Photographs of master and apprentice are being shown side by side

Tony Ray-Jones grew up in the cultural climate post-World War II, a time of commotion in the national psyche. As the tide of American consumer technology swept in, so the old English way of life was washed away – and it was this that Ray-Jones decided to document. During the late 1960s, he travelled up and down the country in a campervan, collecting moments as he went. The results detail a certain idea of Englishness; a nation of eccentrics living their lives under melancholic skies. Subtle, affectionate and funny, the pictures were the result of many hours of research and preparation – a thought-out story rather than throwaway moments. “They are cinematic in their quality,” says exhibition curator Greg Hobson, “he shows so many narratives in a single scene.”

Martin Parr was introduced to the work of Ray-Jones during his studies at Manchester Polytechnic (now MMU) and was inspired to attempt a similar – albeit smaller – project of his own during the early 1970s, which he called The Non-Conformists. In his home of Hebden Bridge, Parr set about photographing the transition from failing mill town to flourishing creative commune, finding his own voice by speaking the language Ray-Jones had created. “His work was a microcosm of what Tony Ray-Jones had done across an entire country,” says Hobson. “He captured the last generation to live that way.” These pictures are the only ones Parr has taken in black and white; he subsequently converted to colour and, in doing so, became a pioneer in his own right.

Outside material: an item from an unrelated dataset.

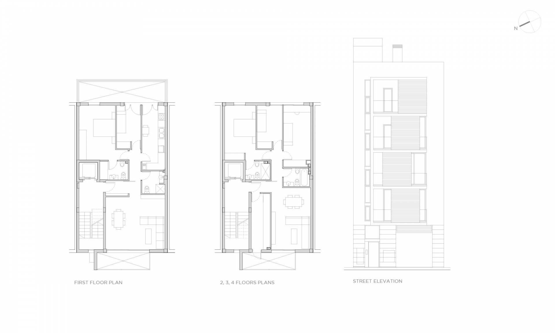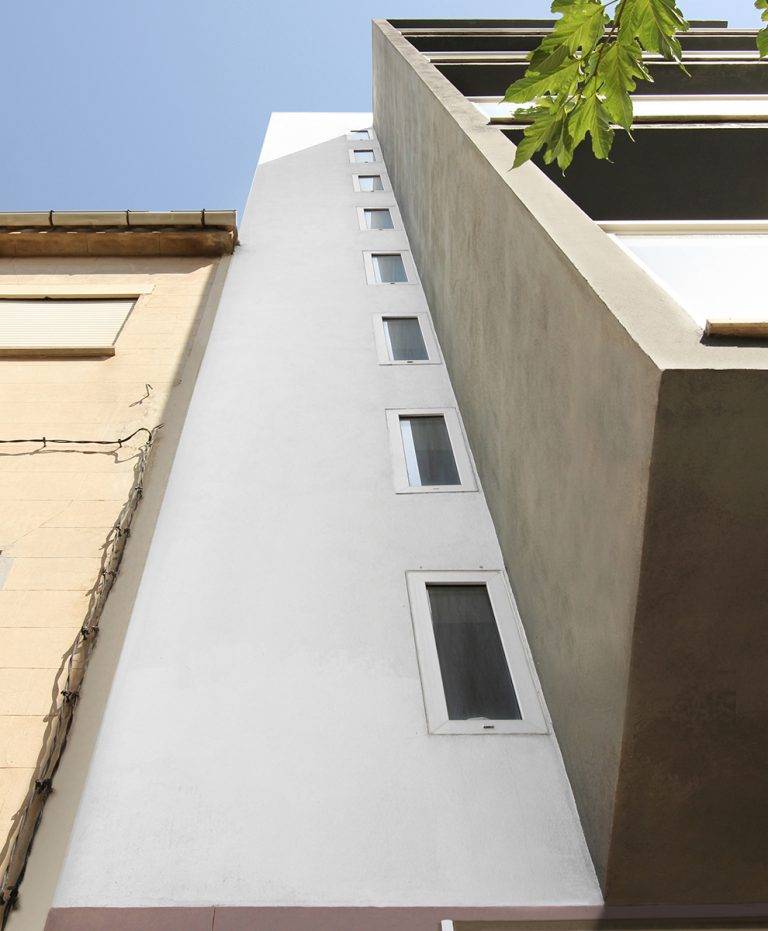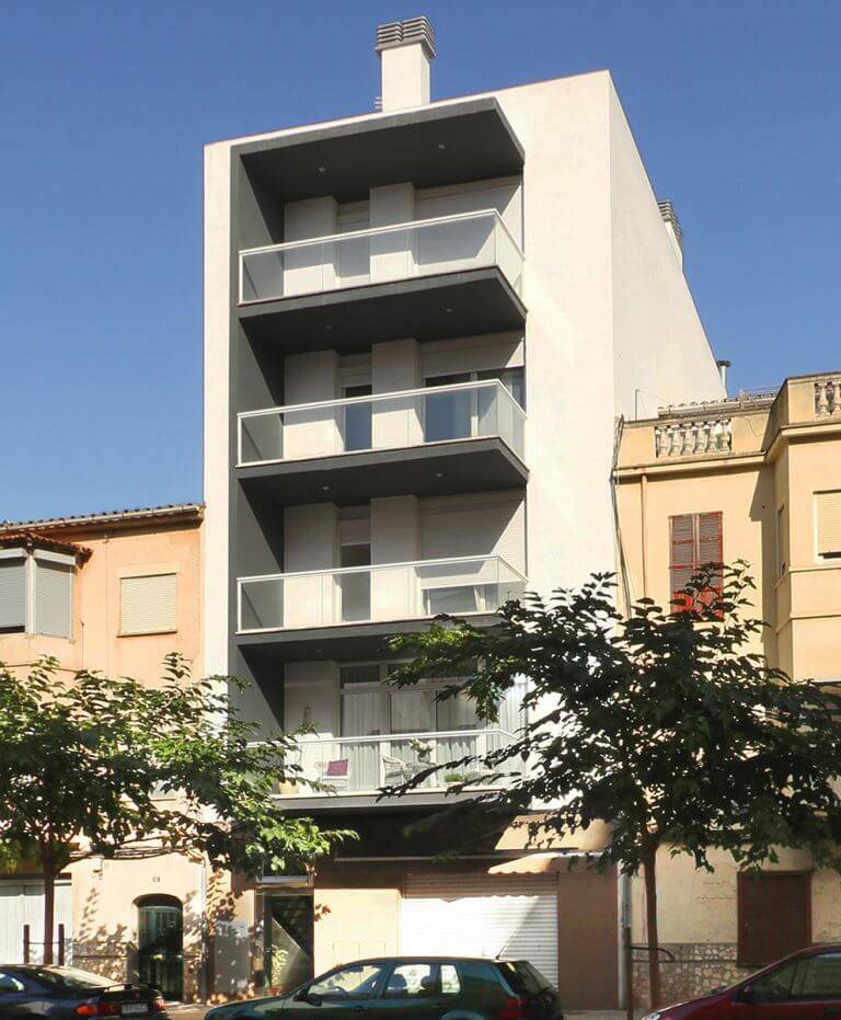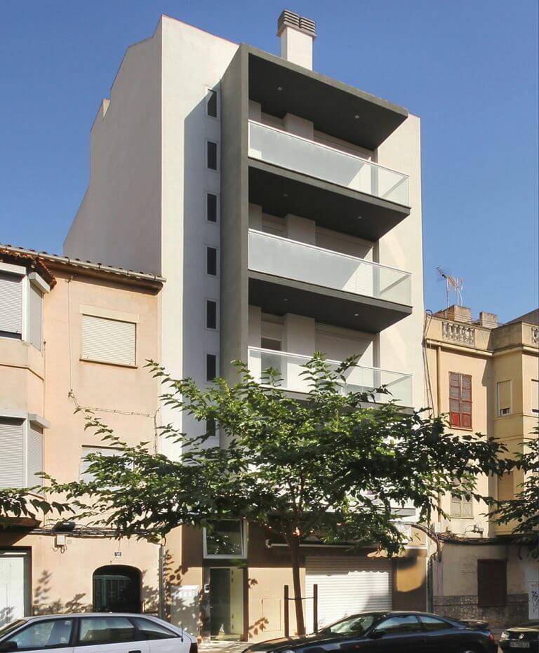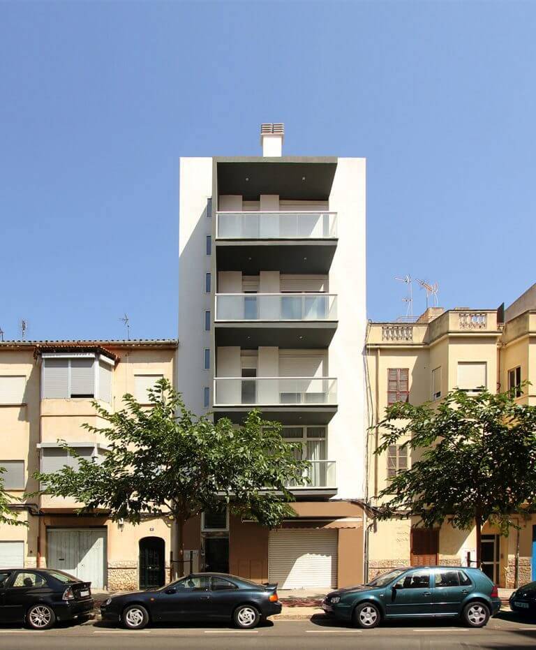 En el ensanche de la ciudad, en un contexto claramente urbano, se sitúa este edificio entre medianeras, de cuatro viviendas y un local de uso comercial. Se resuelve la fragmentación que supone tener cuatro balcones en una fachada, unificándolos en un solo elemento en forma de peine, abriéndose al sur, y contrastando cromáticamente con el resto de la fachada.Las viviendas aprovechan la doble orientación de sus fachadas, obteniendo ventilaciones cruzadas y asegurando un correcto asoleamiento.

Taken together, the photographs show a lost era of innocence, one that was infused with a sense of collective community. While loving and humorous, there is also something sad about the pictures, a wistful quality not dissimilar to the feeling one gets during the dying days of summer. The two works complement one another, says Hobson: “Parr’s work is affectionate and inward looking,” whereas Ray-Jones “was more outward and expansive. There’s a genuine relationship between them…and I never tire of looking at them.”